Operating systems can reduce this cost by allocating a batch of
consecutive pages per
page fault instead of one page and by specializing the kernel
entry/exit code for such page-faults.
Yet another widely-used feature that exploits page faults is
demand paging. In exec
, xv6 loads all
of an application’s text
and data into memory before starting
the application. Since applications
can be large and reading from disk takes time, this startup cost can
be noticeable to users. To
decrease startup time, a modern kernel doesn’t initially load
the executable file into memory, but just creates the user page table with
all PTEs marked invalid. The kernel starts the program running;
each time the program uses a page for the first time, a page
fault occurs, and in response
the kernel reads the content of the page from disk and
maps it into the user address space. Like COW fork and lazy
allocation, the kernel can implement this feature transparently to
applications.
The programs running on a computer may need more memory than the computer has RAM. To cope gracefully, the operating system may implement paging to disk. The idea is to store only a fraction of user pages in RAM, and to store the rest on disk in a paging area. The kernel marks PTEs that correspond to memory stored in the paging area (and thus not in RAM) as invalid. If an application tries to use one of the pages that has been paged out to disk, the application will incur a page fault, and the page must be paged in: the kernel trap handler will allocate a page of physical RAM, read the page from disk into the RAM, and modify the relevant PTE to point to the RAM.

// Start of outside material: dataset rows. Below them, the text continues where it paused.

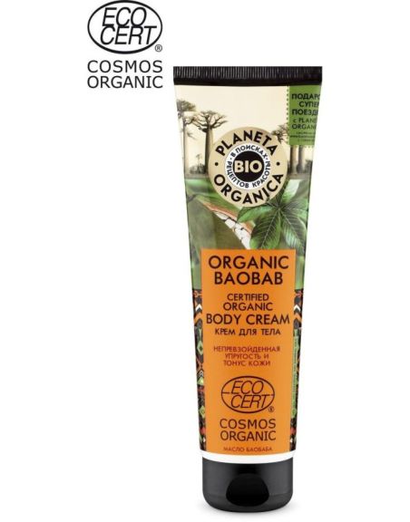 Сертифицированный органический крем для тела ORGANIC BAOBAB создан специально для упругости и тонуса кожи. Масло баобаба надежно защищает кожу от преждевременного старения и даже залечивает ожоги. Секрет в комплексе 7 жирных кислот в максимальной концентрации и витамина С, которого в баобабе содержится в 4 раза больше, чем в апельсине. Bio масло баобаба глубоко увлажняет и питает кожу, повышает ее гладкость и эластичность. Bio экстракт эфиопского кофе тонизирует и выравнивает кожу, придает ей молодость и сияние. Витамин Е - сильнейший антиоксидант, делает кожу красивой и подтянутой, сохраняя молодость. Продукт сертифицирован международной некоммерческой ассоциацией COSMOS-standard AISBL «COSMOS» (COSMetic Organic Standard) - первый европейский стандарт для натуральной и органической косметики, созданный в 2010 году ведущими организациями по сертификации натуральных и органических косметических средств в Европе: BDIH (Германия), Soil Association (Англия), ECOCERT, Cosmebio (Франция) и ICEA (Италия). Сертификация "Cosmos Organic" означает, что сертифицированный продукт: 1. Содержит не менее 95% Натуральных ингредиентов. 2. Содержит не менее: - 20% органических ингредиентов в несмываемых косметических средствах - 10% органических ингредиентов в смываемых косметических средствах 3. Используемое в продукте сырье является экологически и биологически чистым. 4. Продукт не содержит: - агрессивных моющих компонентов (напр. SLES) - продуктов нефтехимии - синтетических консервантов - синтетических отдушек - синтетических красителей - силиконов - ингредиентов, полученных путем насилия над животными 5. Продукт не тестируется на животных. 6. Упаковка, подлежит вторичной переработке либо биоразлагаемая.
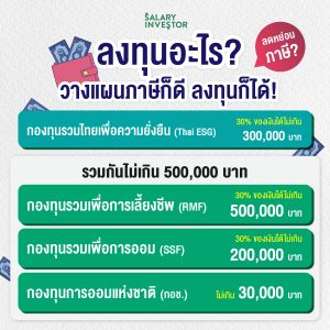 Guide Financial Planing ลงทุนอะไรได้ลดหย่อนภาษี? วางแผนภาษีก็ดี ลงทุนก็ได้! GuideFinancial Planing ลงทุนอะไรได้ลดหย่อนภาษี? วางแผนภาษีก็ดี ลงทุนก็ได้! By Fresh - Sep 12, 2024 อยากลดหย่อนภาษีและวางแผนเกษียณไปพร้อมกันไหม? การลงทุนกองทุนรวมเกษียณจะเป็นอีกหนึ่งตัวช่วย เพราะ นอกจากจะช่วยลดหย่อนภาษีได้แล้วยังเป็นการเก็บเงินไปในตัวอีกด้วย วันนี้ Salary Investor มาแนะนำกองทุนลดหย่อนภาษีสำหรับเพื่อน ๆ สายออมและลงทุนทุกคนสามารถลดหย่อนภาษีได้สูงสุดถึง 500,000 บาท จะมีอะไรบ้าง..ไปดูกันเลย 1. กองทุนรวมไทยเพื่อความยั่งยืน (Thai ESG) เน้นลงทุนในบริษัทจดทะเบียนในประเทศไทยที่มีการดำเนินธุรกิจคำนึงถึงปัจจัยด้านสิ่งแวดล้อม (Environmental) สังคม (Social) และการกำกับดูแลกิจการที่ดี (Governance) เพื่อส่งเสริมการเติบโตทางเศรษฐกิจที่ยั่งยืนของประเทศไทย เป็นกองทุนรวมล่าสุดที่ให้รับการลดหย่อนเต็ม ๆ โดยไม่รวมกับกลุ่มการลงทุนอื่น ๆ ลดหย่อนภาษีได้ 30% ของเงินได้ที่ต้องเสียภาษีตามที่จ่ายจริง สูงสุดไม่เกิน 300,000 บาท 2. กองทุนรวมเพื่อการเลี้ยงชีพ (RMF : Retirement Mutual Fund) ส่งเสริมการออมเงินในระยะยาวเพื่อใช้จ่ายในช่วงเกษียณอายุ – ไม่กำหนดเงินลงทุนขั้นต่ำ – ต้องลงทุนต่อเนื่องใน RMF ทุกปี เว้นได้ไม่เกิน 1 ปี และ ถือหน่วยลงทุนใน RMF ไม่น้อยกว่า 5 ปี นับตั้งแต่วันที่ซื้อครั้งแรก และ มีอายุครบ 55 ปีบริบูรณ์ถึงจะขายคืนกองทุนได้ สับเปลี่ยนได้เฉพาะกองทุน RMF ด้วยกันเท่านั้น ลดหย่อนภาษีได้ 30% ของเงินได้ที่ต้องเสียภาษีตามที่จ่ายจริง สูงสุดไม่เกิน 500,000 บาท 3. กองทุนรวมเพื่อการออม (SSF : Super Saving Funds) เป็นกองทุนรวมเพื่อส่งเสริมการออมระยะยาว – ไม่กำหนดเงินลงทุนขั้นต่ำ – ไม่จำเป็นต้องลงทุนต่อเนื่องทุกปี แต่ต้องถือหน่วยลงทุนใน SSF อย่างน้อย 10 ปีนับจากวันที่ซื้อกองทุนรวม SSF สับเปลี่ยนได้เฉพาะระหว่างกองทุน SSF เท่านั้น ลดหย่อนภาษีได้ 30% ของเงินได้ที่ต้องเสียภาษีตามที่จ่ายจริงสูงสุดไม่เกิน 200,000 บาท 4. กองทุนการออมแห่งชาติ (กอช.) กองทุนที่รัฐจัดตั้งขึ้นเพื่อส่งเสริมให้ประชาชน อายุตั้งแต่ 15 ปีขึ้นไป โดยเฉพาะกลุ่มแรงงานนอกระบบมีโอกาสออมเงินเพื่อใช้จ่ายในยามเกษียณ และ ภาครัฐร่วมสมทบเงินออมให้ด้วยช่วยสร้างหลักประกันทางการเงินในระยะยาว ให้กับผู้ที่ไม่มีสวัสดิการบำนาญจากที่ทำงาน ลดหย่อนภาษีตามที่จ่ายจริง สูงสุดไม่เกิน 30,000 บาท *** สำหรับกลุ่มค่าลดหย่อนการลงทุนได้แก่ กองทุน RMF, กองทุน SSF, กบข.,กองทุนสำรองเลี้ยงชีพ, กองทุนสงเคราะห์ครูเอกชน,กองทุนการออมแห่งชาติ และ ประกันชีวิตแบบบำนาญ เมื่อรวมกันทั้งหมด ต้องไม่เกิน 500,000 บาท *** ทั้งหมดนี้คือ กองทุนรวมที่เป็นทางเลือกให้เพื
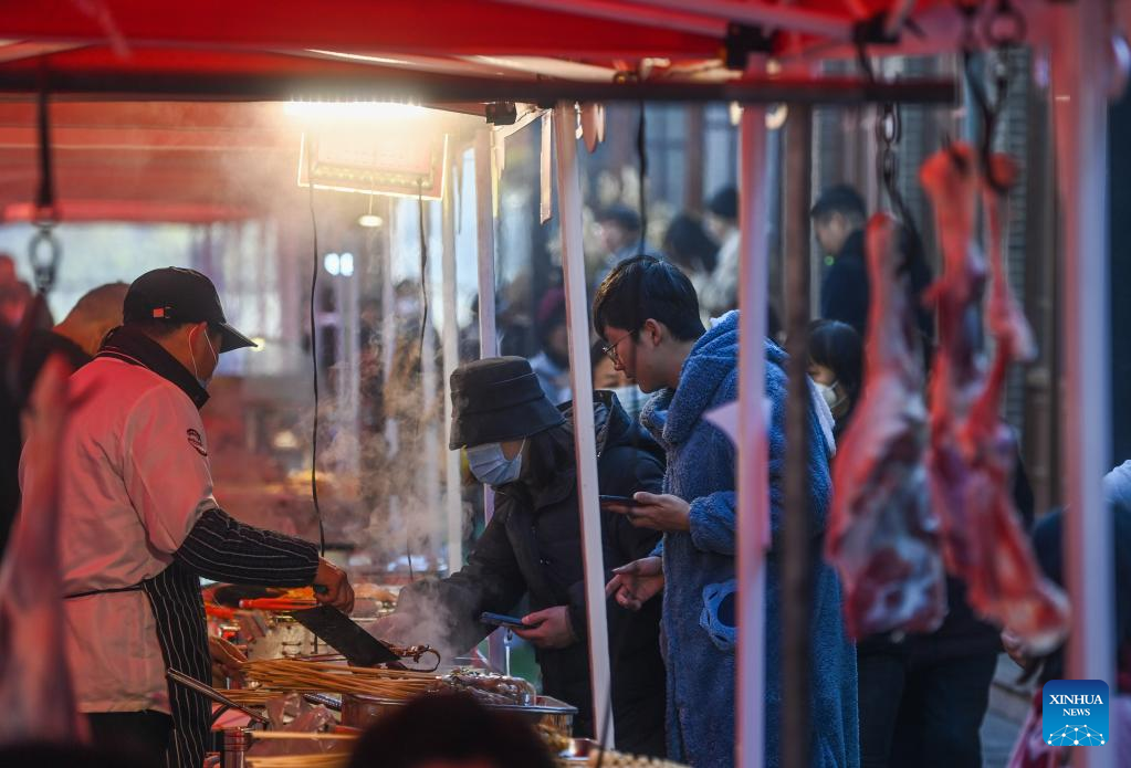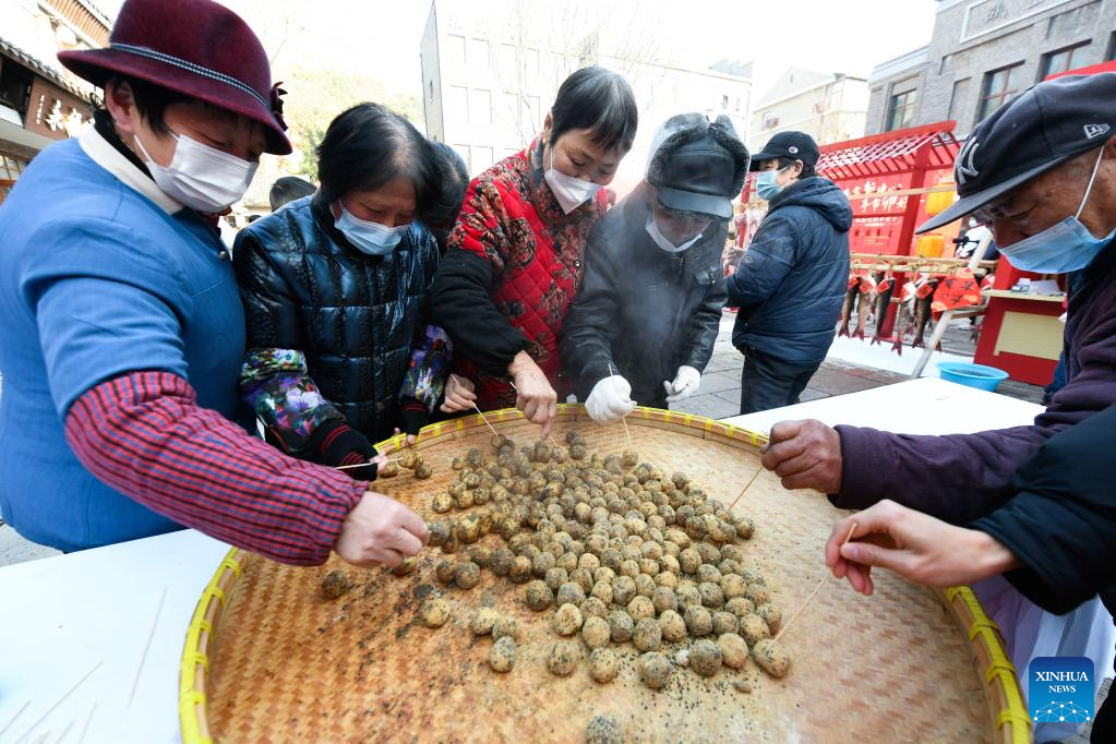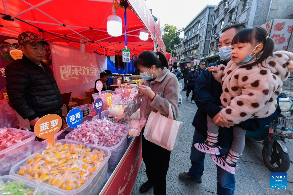 People try local snacks at a shopping festival in Pingyao Town of Yuhang District in Hangzhou City, east China's Zhejiang Province, Jan. 11, 2023. (Xinhua/Xu Yu)
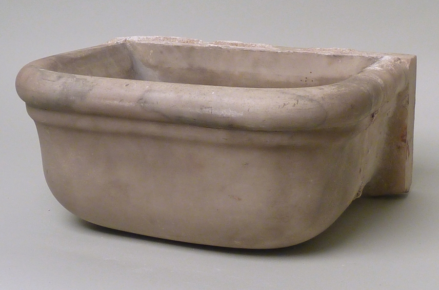 Wijwaterbakje of doopvontje versierd met gladde overhangende rand aan de bovenkant
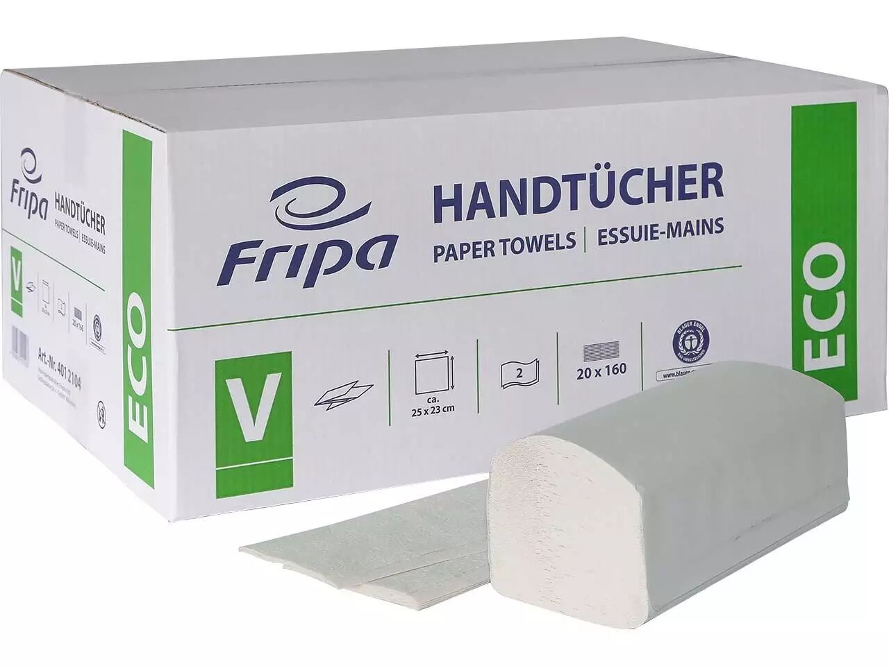 Essuie-main en papier recyclé gaufré très doux. Papier détenant le label écologique "ange bleu" car sans blanchiment, ni couleur, ni éclaircissant optique.
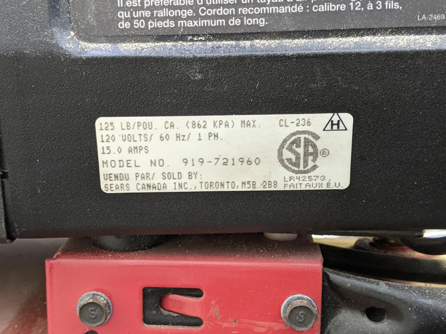 5233 Craftsman 919-751960 25 Gallon Air Compressor

What happens if a page needs to be paged in, but there is no free physical RAM? In that case, the kernel must first free a physical page by paging it out or evicting it to the paging area on disk, and marking the PTEs referring to that physical page as invalid. Eviction is expensive, so paging performs best if it’s infrequent: if applications use only a subset of their memory pages and the union of the subsets fits in RAM. This property is often referred to as having good locality of reference. As with many virtual memory techniques, kernels usually implement paging to disk in a way that’s transparent to applications.
Computers often operate with little or no free physical memory, regardless of how much RAM the hardware provides. For example, cloud providers multiplex many customers on a single machine to use their hardware cost-effectively. As another example, users run many applications on smart phones in a small amount of physical memory. In such settings allocating a page may require first evicting an existing page. Thus, when free physical memory is scarce, allocation is expensive.
Lazy allocation and demand paging are particularly advantageous when free memory is scarce and programs actively use only a fraction of their allocated memory. These techniques can also avoid the work wasted when a page is allocated or loaded but either never used or evicted before it can be used.
Other features that combine paging and page-fault exceptions include automatically extending stacks and memory-mapped files, which are files that a program mapped into its address space using the mmap system call so that the program can read and write them using load and store instructions.